A US Air Force F-16 fighter jet

Thousands of airstrikes carried out by the US military across the Middle East have not been disclosed, a new investigation has revealed, raising questions about the transparency of the Pentagon's reported progress against the Daesh (ISIL) terror as well as costs and casualty counts.

In 2016 alone, 456 of US Air Force’s 1,071 airstrikes in Afghanistan were not listed in an online database maintained by the force’s Central Command (AFCENT), the Military Times reported Sunday.

There is an even bigger discrepancy in Iraq and Syria, where a US-led coalition has been carrying out airstrikes on reported Daesh positions since 2014.

According to the Air Force, the coalition jets had conducted 23,740 airstrikes until the end of 2016. The US Defense Department, however, puts the number at 17,861 until the end of January 2017.

Congress, American allies, military analysts, academic researchers, the media and independent watchdog groups use the comprehensive AFCENT database to assess military expenses and the resulting death toll from each airstrike.

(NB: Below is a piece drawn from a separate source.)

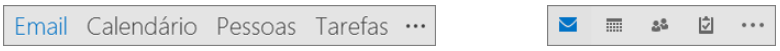 Geralmente localizada na parte inferior da janela Outlook, a barra de acesso rápido mostra, dependendo das configurações selecionadas, nomes de botões (imagem esquerda) ou ícones (imagem direita) associados a nomes de recursos.
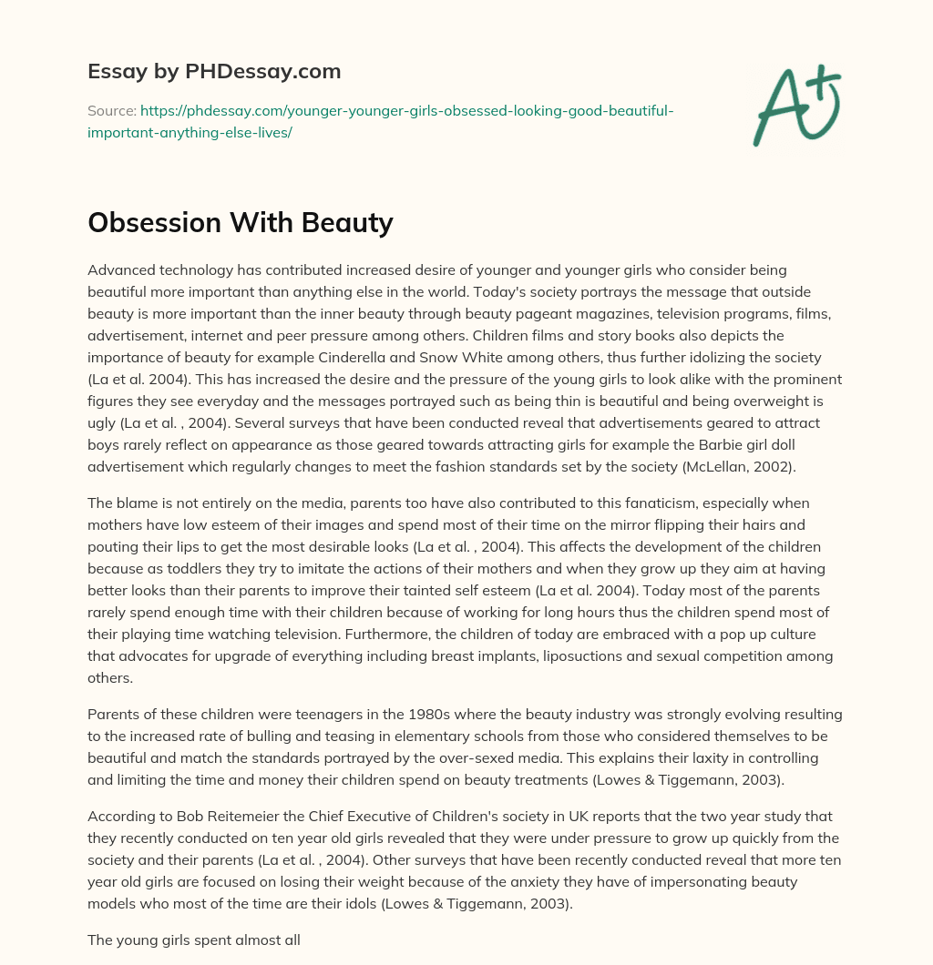 Obsession With Beauty - PHDessay.com

Carried out mostly by attack helicopters and armed drones, the unreported air raids can reveal the true extent of destruction and civilian casualties left behind by the US military since 2001, when the so-called war on terror began.

Washington’s refusal to disclose all of the air raids would also cast doubt on previous reports concerning “American combat casualties, taxpayer expense and the military’s overall progress in degrading enemy capabilities,” the report added.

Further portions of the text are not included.